For the correct correspondence of points between two face images, alignment of each face image is necessary. The purpose of alignment is to normalize the position, orientation, and size of face images. In this paper, we adopt the alignment algorithm proposed by T. F. Cootes et al. [7] to normalize all facial images.

3.2 Facial Expression Synthesis

After alignment, we calculate the difference between the shape vector of each of his/her face image with the expression and that of his/her face image with a neutral expression (or no expression) for each person. As shown in (5), SD_i^p represents the shape difference for the ith expression of the pth person, S_i^p=(x_i0^p, y_i0^p, x_i1^p, y_i1^p, hellip;, x_in^p, y_in^p) represents shape feature for the ith expression of the pth person and (x₀₀^p, y₀₀^p, x₀₁^p, y₀₁^p,…, x_0n^p, y_0n^p) represents the neutral expression of the pth person.

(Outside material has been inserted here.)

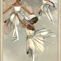 Now Steph Petite Can join in the dance. In her leotard with lacey dropped shoulders and long layered skirt, a cute little ribbon tied around her neck, a big colorful sash cinching her waist, a generous bow draping over the back of the skirt, and a gossimer set of satin slippers to finish off the outfit, she can pirouette around the room to her heart's content.

S D_{i}^{p} = S_{i}^{p} - S_{o}^{p} .

(5)

After computing the shape difference for the expression, we add the shape difference to the shape vector of the neutral expression of the target image, as shown in (6).

I M S^{q} (p, i) = S_{0}^{q} + S D_{i}^{p}

(6)

Then, if desired, paste the texture from the source image S₀^q to the modified version of the shape vector of the target image IMS^q (p, i), as shown in (7).

t e x (I M S^{q} (p, i)) \leftarrow t e x (S_{0}^{q})

(7)

We use a technique called triangulation algorithm [12] to paste the texture from a source image to a target image. Before pasting a triangular region S_h in the source image on the corresponding region T_h in the target image, region S_h must be warped into the same shape as Th. As a result, the color of each pixel x' in T_h is replaced with that of the corresponding pixel x in S_h. The relationship between x and x′ is stated as follows. As illustrated in Figure 3, if a point x is located at the triangle on the left side with three vertices a, b, and c, then x can be represented as a linear combination of a, b, and c as x = αa+βb+γc, where α+β+γ = 1. If the triangle on the right side with three vertices a′, b′, and c′ corresponds to that on the left side. A point x = αa+βb+γc in the triangle on the left side corresponds to a point x' in the triangle on the right side if and only if x′ = αa′+βb′+γc′. With this relation, one can find, for each point in a triangle, the corresponding point in another triangle by solving a system of linear equations [12].

Figure 3.

The correspondence between two triangular regions

Now, it is ready to paste the texture from the source image S₀^q onto a modified target image shape IMS^q (p, i), as shown in the example in Figure 4.

Figure 4.

an example of the imitating result, (a) neutral expression of the reference (b) happy expression of the reference (c) triangulation segmentation of the target image (d) triangulation of the imitating shape (e) result of the imitation of the target

3.3 Postprocessing

To improve the result, two stages of postprocessing are provided: (1). Paste some important texture to the resulting synthesized image, and (2). Blending and seamless processing.

When the facial expression changes, some texture might change. As shown in Figure 4(b), different textures like wrinkles might appear in different expressions. Different textures are important for different expressions, as shown in Figure 5.

Figure 5.

different textures appearing in different expressions of (a) happiness (b) sadness (c) surprise

However, artefact effects might be caused by pasting textures. We simply apply blending and seamless processing to address this problem as stated in the following example.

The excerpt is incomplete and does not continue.